Rerouting on the Open Ocean?

By Charlie Briley | October 21, 2021

It is pretty widely known that with the development of the Covid-19 Pandemic came the quick and utter halt to international trade. Countries imposed isolationist policy, and exports and imports slowed heavily.

While some of this was due to the limit on foreign trade and travel, most was an inadvertent effect of closing businesses, as brick and mortar establishments no longer had demand for large amounts of inventory. Not by choice necessarily, rather as a result of a sharp decrease with in-person shopping. As stores like Macy’s and JCPenney saw a decline in sales, large e-commerce businesses grew (like Amazon), which slowed imports from other countries heavily.

However, within the past several months, as countries begin to reopen and consumer optimism grows, international trade is returning to the prowess it once was pre-pandemic. Unfortunately, severe roadblocks are standing in the way for many companies and countries.

Across the United States lie coastal ports equipped to unload large container vessels carrying goods ranging from food to clothing. Ports such as Los Angeles, Virginia, Savannah, and Oakland comprise some of the largest in the US, but they are struggling. With the return to ocean-going international trade, there has been a fight for ports, communities, and logistics companies to maintain adequate efficiency in the supply chain.
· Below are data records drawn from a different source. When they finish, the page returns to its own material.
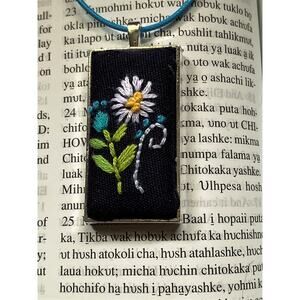 Handmade Embroidery Necklace Daisy Flower - Rectangle Bezel
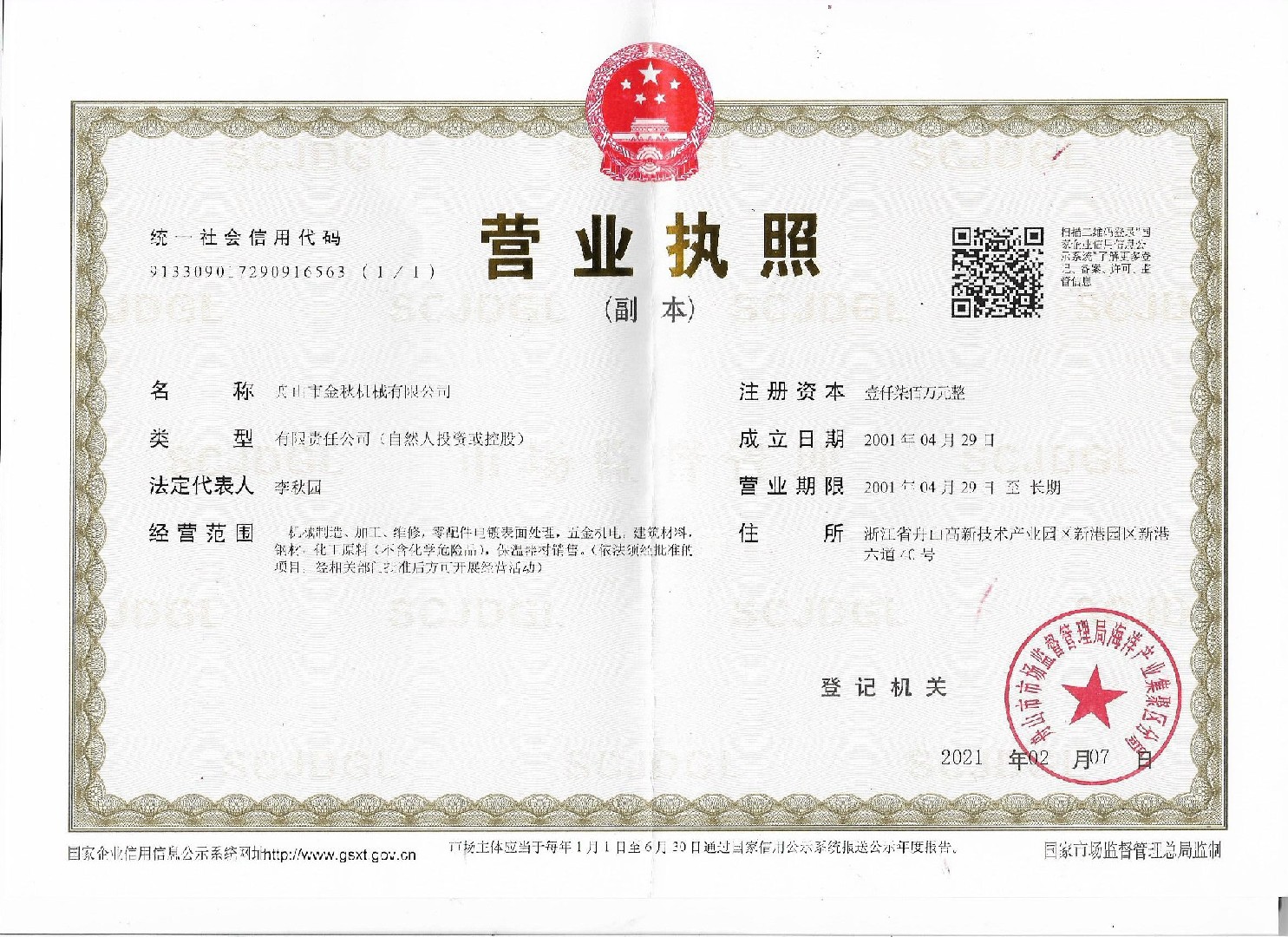 舟山市金秋機械有限公司是一家集金屬表面技術加工處理、電子元件生產、機械制造與研發為一體的科技型企業。占地5萬多平方米,廠區地理位置十分優越,并擁有專業技術團隊十余人。公司致力于生產晶振外殼、流延機制造與研發,石油抽油泵柱塞及表面工藝處理等。公司生產的石油抽油泵柱塞已經出口印尼和美國。研發生產各種型號的流延機是采用日本目前先進的技術;49U/S晶振外殼已經從第一代升級為目前第六代產品,并仍在研發更高端的SMD替代品,并與上海交通大學合作研發新能源項目。公司通過了ISO9001質量體系認證,擁有自主知識產權的發明和實用新型專利共計三十多項,分別被評為國家高新技術企業、省、市專利示范企業,省科技型企業等榮譽稱號。
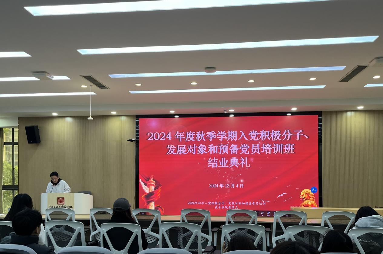 12月4日中午12:00,美术学院在美术馆三楼报告厅举行2024年秋季党校美术学院分党校培训班结业典礼,此次典礼由24级辅导员向明锐主持,院党委副书记聂扬眉及全体入党积极分子、发展对象、预备党员参加。聂扬眉宣读了对优秀学员的表彰决定并为优秀学员颁发荣誉证书,向顺利结业的学员表达了热烈的祝贺,对大家在培训中取得的成果给予充分肯定,并要求各位学员将这段时间的学习成果转化为实际行动,在各个方面以严格的标准要求自己,做到学思用贯通,知信行统一。
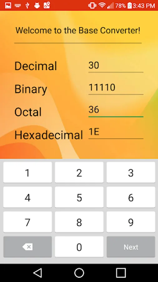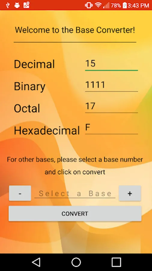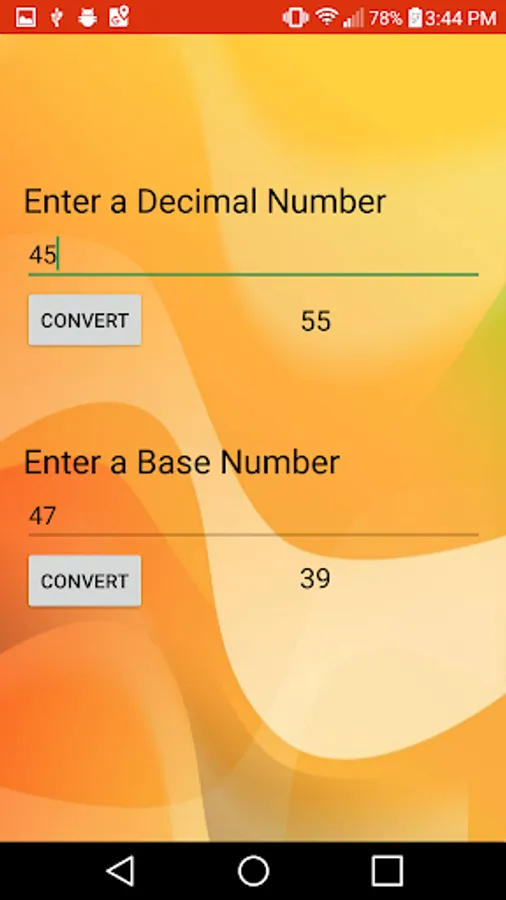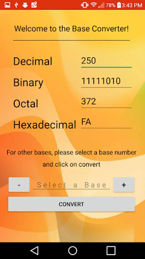 This app converts numbers to 35 different bases. The operation is possible in both base to base direction. The main menu converts hex, octal, binary, and decimal. And the other menu allows to convert to other 35 bases
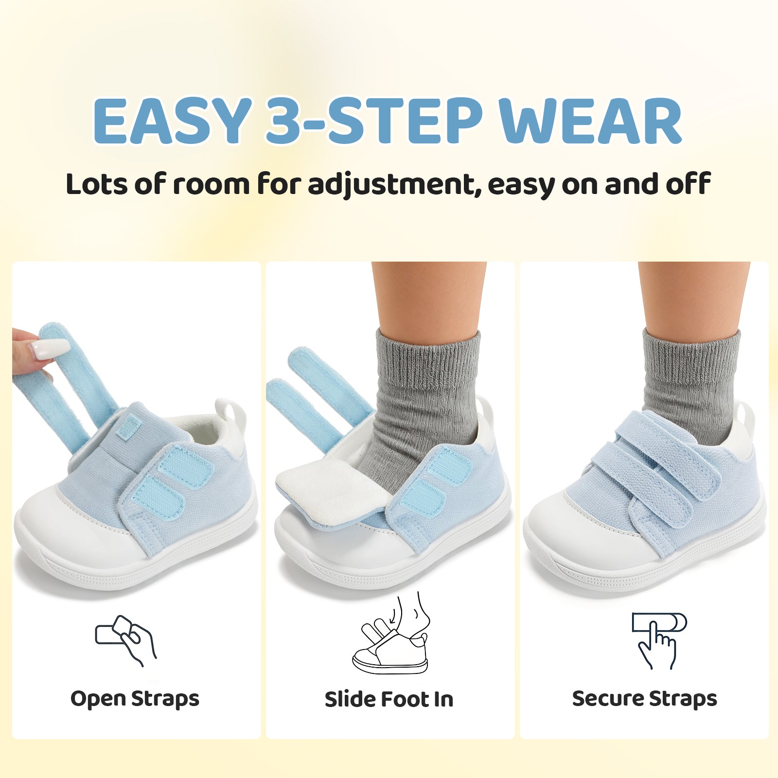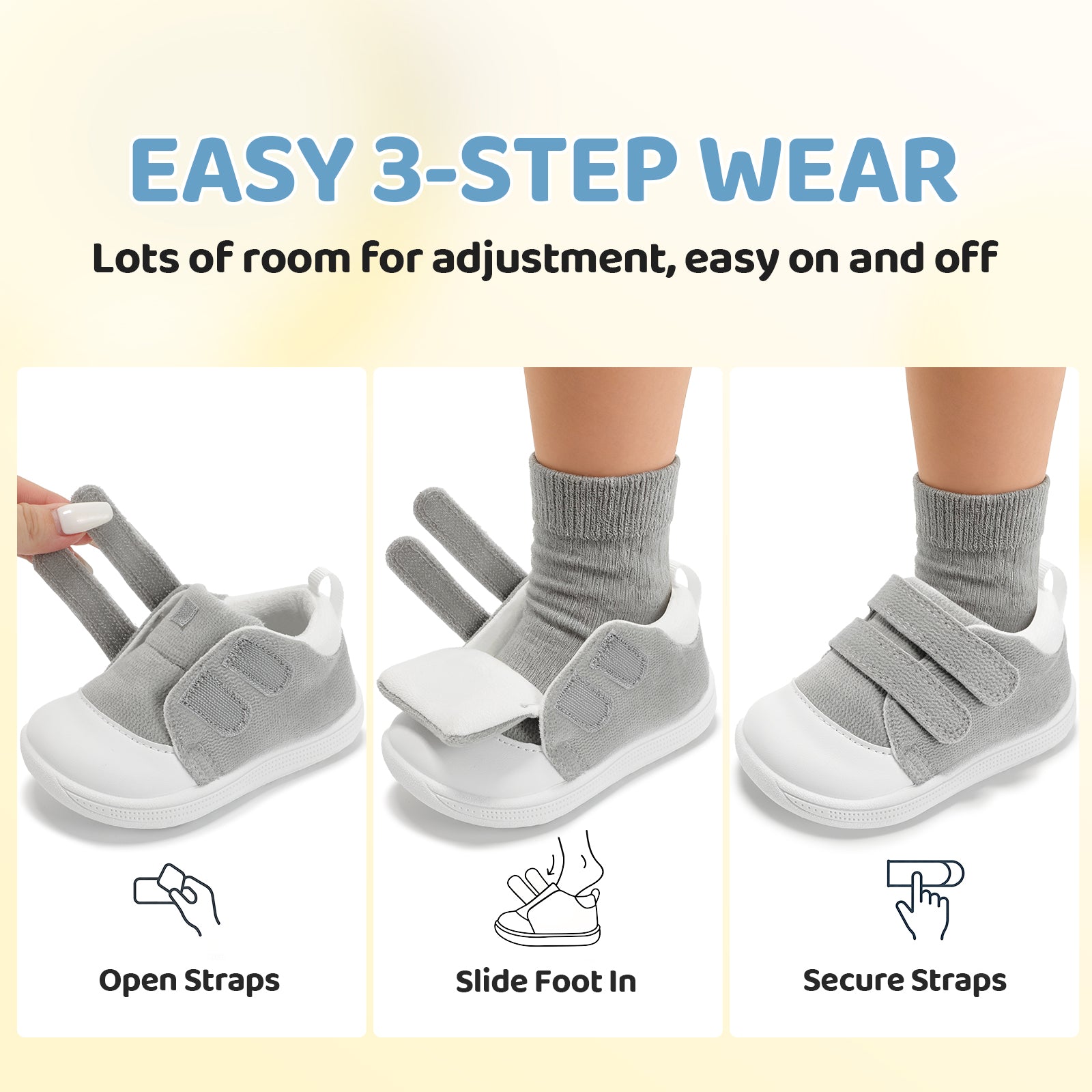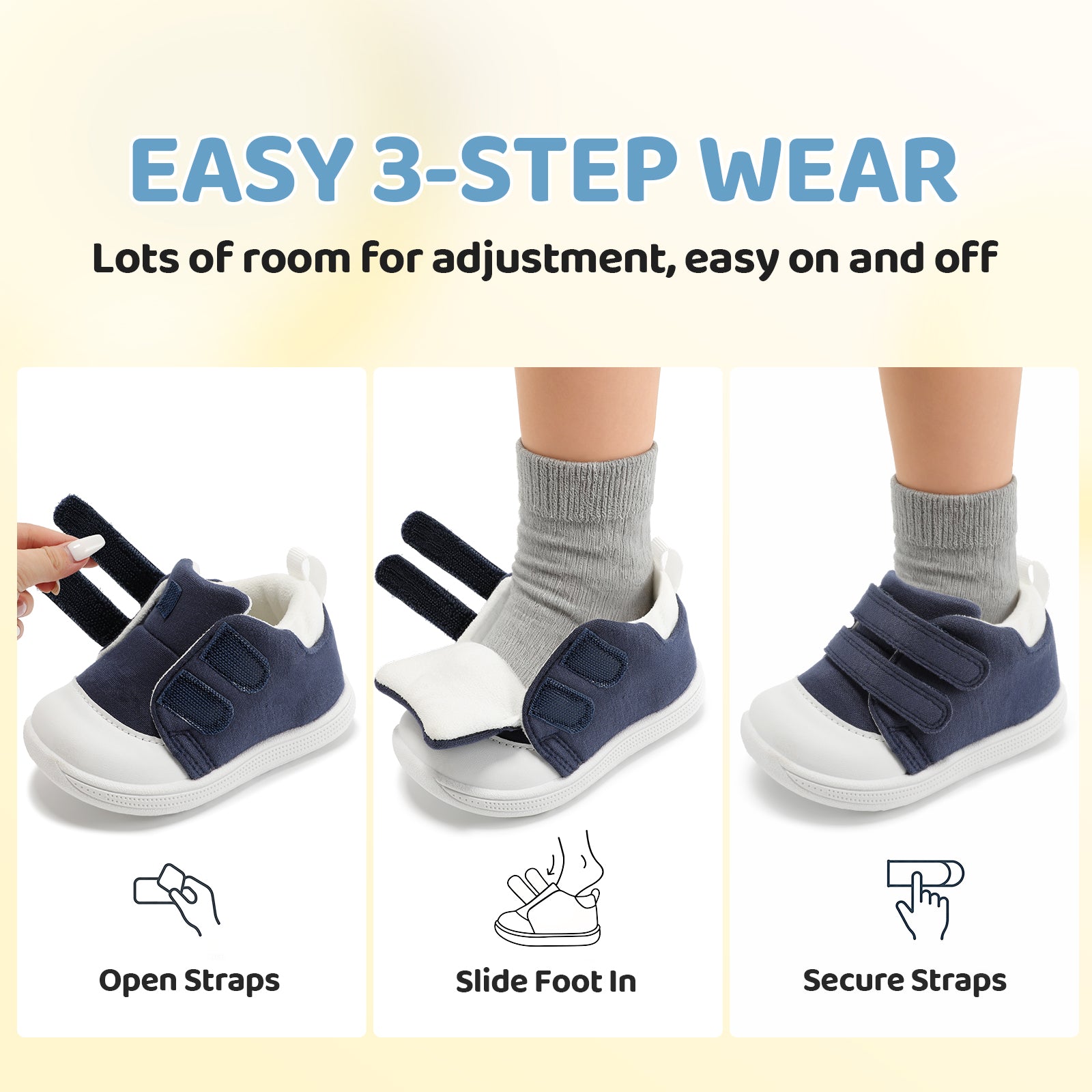- [ Hoop & loop for Easy Wear ]: Baby shoes with adjustable hoop & loop, convenient for parents help babies wear walking shoes, no hassle. It fits baby’s foot circumference flexibly, avoiding being too loose or tight
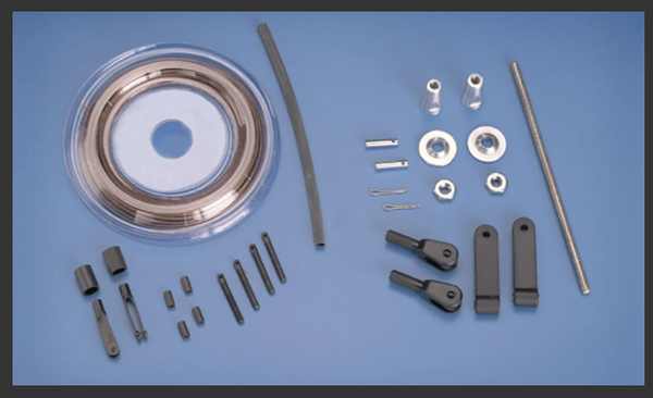 #883: For large scale aircraft - .91 and larger. Comes complete with high quality aluminum horns, washers, steel 8-32 long shaft, nuts, horn arms, and kwik-links for 4-40 rods and 15ft. of nylon coated stranded steel cable - .032 dia. and all mounting hardware. 2/pkg.
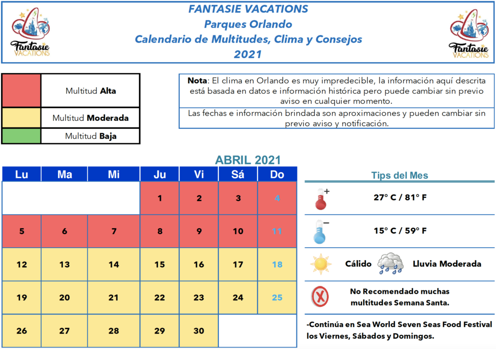 Calendario y Tips Orlando
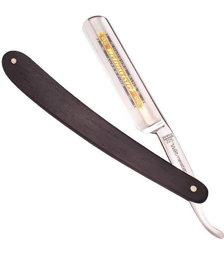 Una lama fissa in classico acciaio da rasoio. Terra cava. Scaglie del manico in legno pregiato o corno di bufalo. ...
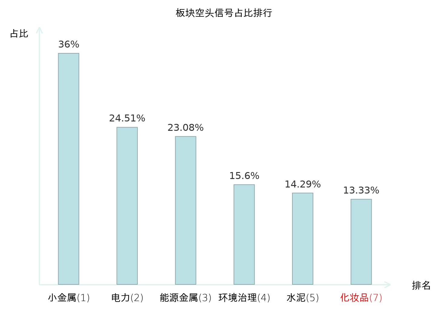 全市场所有行业板块中主力空头信号占比排名中,小金属板块位居第一。计算机设备板块名次提升最快,较昨日上升113位。
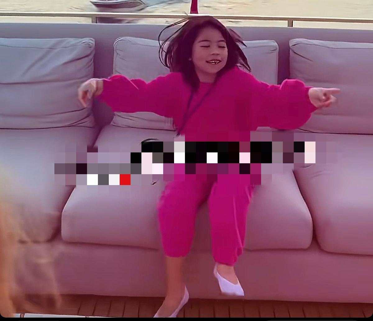 何超盈女儿荷包蛋在豪华游轮上如此兴奋,五官和爸爸辛奇隆特别像,估计将来也是学霸!
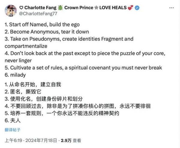 值得一提的是, Charlotte Fang 本人日常发布的推文内容画风就颇为清奇,看得出来,他对在网络上获取注意力已经轻车熟路,颇为熟稔,而每一条推文看起来也像是 Milady 社区的‘狂热宣言’。
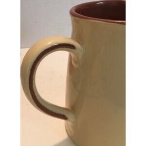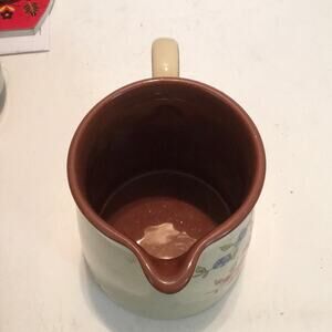 Creme colored unique vase/ pitcher for drinks to floral arrangements... w/ delicate dancing florals & leaves painted on one side. Blues, reds pinks greens maize & soft ochre browns.. Handle & interior glazed w/ rich cocoa brown finish. NO cracks or crackling. UNIQUE PIECE.🔆
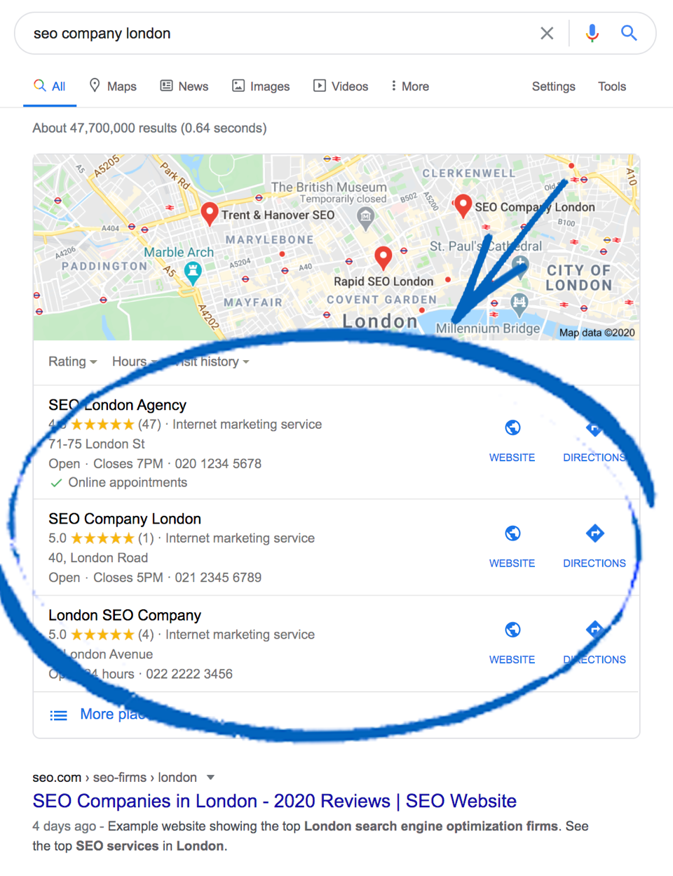 The Map Pack reflects the top three searches. For example, if you searched 'hair salon, London', the top three results shown are the Map Pack results. The Map Pack ranking results can vary from the Google Map rankings, which will show a selection of the closest results, whereas Map Pack will show the top three ranking results.
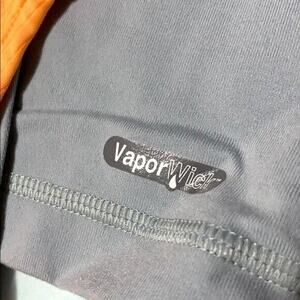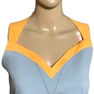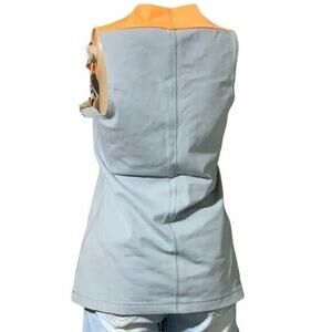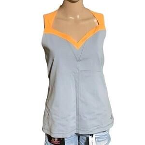 Gray sleeveless tank top with an orange trimmed sweetheart v-neck
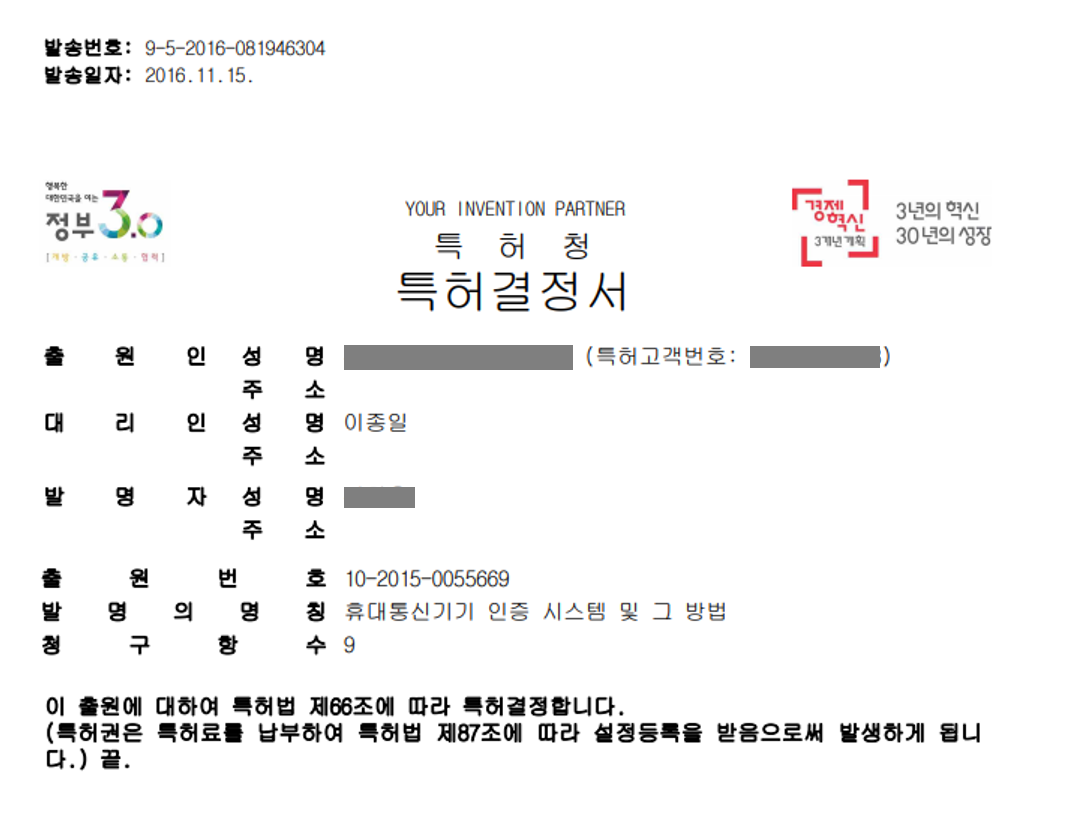 이종일 변리사를 통해 등록 되었된 휴대통신기기 인증/보안 기술 관련 BM특허를 소개합니다.

In particular, the shipping lanes and routes from Asia to the US (California) prove to be the most hindered, as they are the largest by sheer volume of goods.

The west coast is home to many ports, including Los Angeles, Oakland, Seattle, and even Vancouver. Yet, container ships packed with millions in goods remain idle in the harbor waiting for their chance to offload. While a seemingly simple solution could be to redirect ships to more available harbors on the south or east coast, capital remains a challenge. Container ships are so large and costly that the extra time to travel through the Panama Canal and into US territorial waters is just too expensive. The world watched as earlier this year, as the Suez Canal was shut down for several weeks. Many ships decided to wait for the container ship to be dislodged from the Canal rather than reroute. Why? Remaining in place and waiting was the cheaper option. Shipping companies would rather wait – save money and reduce liability than detour around. The same principle is occurring now, which is why west coast ports are inundated with a traffic jam of ships.

While this is an indication of a rebirth in our economy, the large influx of goods could signal a scary shift in our post-pandemic economy. With imports rising significantly, the country could see a larger trade deficit on the horizon and the outflow of business to neighboring countries. While under “normal” (non-pandemic) circumstances, this might not be as impactful, our economy is still trying to recover from months of shutdown and a mountain of federal debt.

As the country enters into one of the most commercialized times of the year (i.e. the holidays), international trade should and will certainly be a top priority that needs to be considered as an economist along with the current administration grappling with recovering and boosting our economy, as well as ensuring supply chain efficiency.